Several studies have shown that the mortality rate among patients with HFrEF correlates closely with the level of reduced left ventricular EF (46, 47). Curtis et al. (47) based on the Digitalis Investigation Group (DIG) trial showed that the mortality rate increased proportionally with the decrease in the left ventricular EF. In this study, the mortality rates among patients group with left ventricular EF <15%, 16-25%, 26-35% and 36-45% were 51%, 41.7%, 31.4% and 25.6%, respectively. The mortality rates, however, were comparable among patients with HFpEF (23.3% among patients with left ventricular EF 46-55% versus 23.5% among patients with left ventricular >55%; p=0.25). Redfield et al. (48) described a relationship between the degree of diastolic dysfunction and mortality in HFpEF. Mortality rate in HFpEF increased as the degree of diastolic dysfunction increased. Compared to normal, mild diastolic dysfunction increased the risk of death by 8.3 fold (p<0.001) and moderate to severe diastolic dysfunction increased the risk of mortality by 10.2 fold (p<0.001).

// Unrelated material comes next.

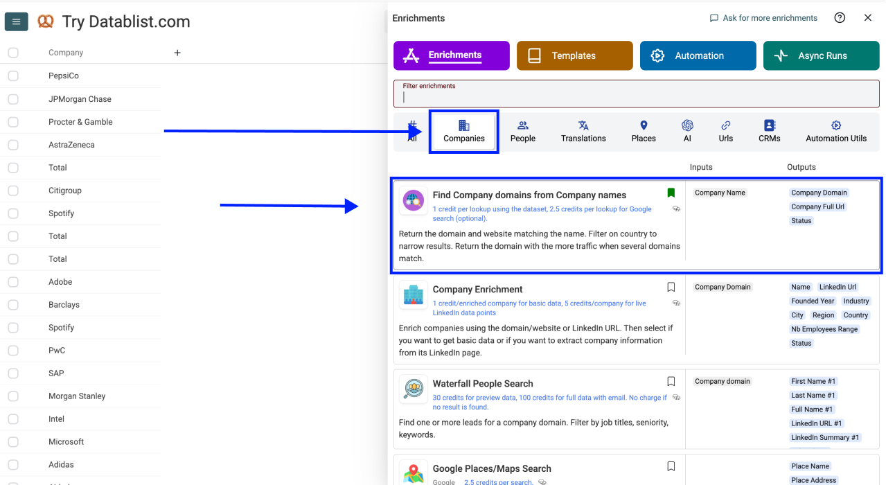 Solution: Use Datablist's Website Finder to get company domains, then run the Company Enrichment to get the full company record.
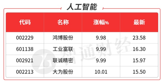 刺激市场反弹的主要是AI方向,早盘受英伟达二季度营收展望超预期的利好刺激高开,算力概念今日强势崛起,其中英伟达概念金百泽(301041.SZ)直接顶一字,20CM涨停;英伟达合作方鸿博股份(002229.SZ)、工业富联(601138.SH)回封涨停。盘中分歧有点大,还好午后获得资金回流,反复提到的CPO龙头剑桥科技(603083.SH)深水拉起,超70亿的成交额涨停,再创历史新高;天孚通信(300394.SZ)、昨天提到的中科信息(300678.SZ)均20CM涨停;金桥信息(603918.SH)7天4板,大为股份(002213.SZ)5天2板;首板有联诚精密(002921.SZ)。需注意的是,AI内部的分歧依旧较大,重点关注核心品种走势。

The mode of death is also different between the two groups of patients. Among patients with reduced EF, death was due to cardiovascular causes in 64% of deaths (43% coronary heart disease and 21% other cardiovascular causes) and to non-cardiovascular causes in 36%. In contrast, deaths among patients with preserved EF were most commonly due to non-cardiovascular causes (49% of all deaths) followed by coronary artery disease (29%) and other cardiovascular (22%) causes (49). Similarly, Hamaguchi et al. (50) also showed that mortality from non-cardiovascular causes was significantly higher among HFpEF than among patients with HFrEF (28% vs. 18%, p=0.02). In particular, cardiovascular causes including sudden death, were more frequent among patients with reduced EF compared with patients with preserved EF (68% vs. 58%, p=0.02).

Conclusion

Despite the impressive achievements in the pharmacological and non-pharmacological treatment of HF patients which has undeniably improved the survival of these patients, the mortality still remains high particularly among elderly, male and African American patients. HFrEF patients have higher mortality rates, most commonly due to cardiovascular causes, compared with patients with HFpEF.

Footnotes

Conflict of interest: None declared.